By this point, I just couldn’t wait to be finished. My plan was to run to every aid station and give myself a walking break when I reached one. I stayed pretty true to that plan but there was a bit of walking between aid stations too. The run course, much like the bike course, was hilly. I began drinking Pepsi at 5k which did help me to continue mentally. This was what I found the biggest hurdle. My legs were not so much ready to give up as much as my mind was willing to go no further. I found the Pepsi gave me a big enough caffeine jolt to run about half way up a hill which allowed me to walk up the rest. Once at the top, I would run down and carry that momentum through to half way up the next hill. This was my plan and it seemed to be working quite well. The last 2km were the easiest. We were off the country roads and into town. Things seemed to be moving faster and more efficiently. I ran into Beavermead Park and spectators were saying “This is the last 100metres!” I was so elated, I couldn’t wait to cross that finish line. The final turn I spotted the finish line and the time. Mark, his parents, god parents and the crowd cheered me through the chute and I know I had the biggest smile. But I also had the biggest burst of emotion. I hobbled to get my medal and to have my timing chip removed and I couldn’t contain the tears. I know, what a sap!
Total run time: 2hr:09mins

Total race time: 6:00:51

DSC01175Sitting down to pack up my T-zone. Getting back up was tough.

I had a great day out on the race course. It was tough, but not insurmountable. I do see myself completing an other half Iron distance in the future but I don’t think it will be for an other few years. For this race in particular, I don’t think I would change anything to my training. Although I will approach training a little differently for my next half Iron.

Two week countdown and a new toy

24 Jun

I know I’ve been MIA in the last few weeks. Summer holidays are in full swing so that means extra shifts need to be picked up at work. That translates to completing my training at different times. No worries though, the training hours are being put in.

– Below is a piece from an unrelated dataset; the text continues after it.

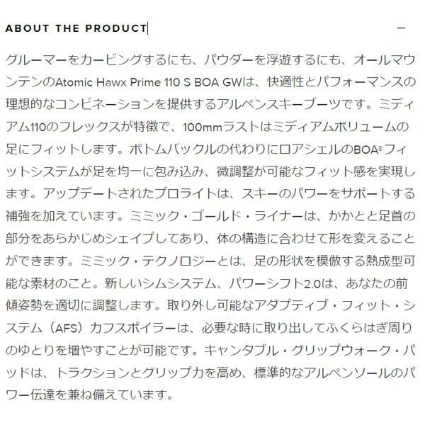 他の画像を見る アトミック スキーブーツ BOA ATOMIC HAWX PRIME 110 S BOA GW / Black / Red (24-25 2025)AE5029980 メーカー希望小売価格 ¥ 99,990 販売価格 ¥ 69,900 税込 カートに入れる お気に入りに登録する

Mark threw me an awesome birthday full of surprises with friends and family. We went horseback riding and enjoyed an awesome meal that was a complete surprise. Both our parents made it down from Timmins which was totally awesome!

DSC01153But back to the Half Ironman! We are now two weeks out and I can’t believe it’s already here. It seems as though I still have months of preparing ahead but I’m all ready. I’m going to start to taper soon where I will maintain fitness but not put in hard workouts.

The main thing constantly on my mind is the swim. I try to practice the open water swim as often as I can. I’ve gone a few times and, once I get into a groove, it’s really not so bad. But then there’s the sea weed that totally grosses and creeps me out. I swim through it as fast as I can but eventually it just becomes too much. I really hope the lake in Peterborough is clear of sea weed. Or perhaps the number of people swimming through the sea weed will clear it for me.

But enough about the swim. What I’m really excited about is to get on my new bike. That’s right! I spent a small fortune on my own brand new Giant Defy Composite 2. GiantThe quality of the photo isn’t that great. We’re low on space in the den now with 3 bikes. We’ll have to figure out a solution to fit them all comfortably. I have yet to take her out on a spin but Wednesday is looking to be the day I go on one last long ride.

Sunday’s run was terribly hot. The humidity was really high at 93%. I went through almost all of my four water bottles on a 17km run. There was almost no shaded areas and I had to walk a few times. Although it was a tough run, I know it was a great training experience. The Peterborough Half run is a course with almost no shade in similar temperatures. It’s good to now how my body will react and how to stay moving. If it’s a stinkin’ hot day, I am so having ice cream when I cross that fiinish line!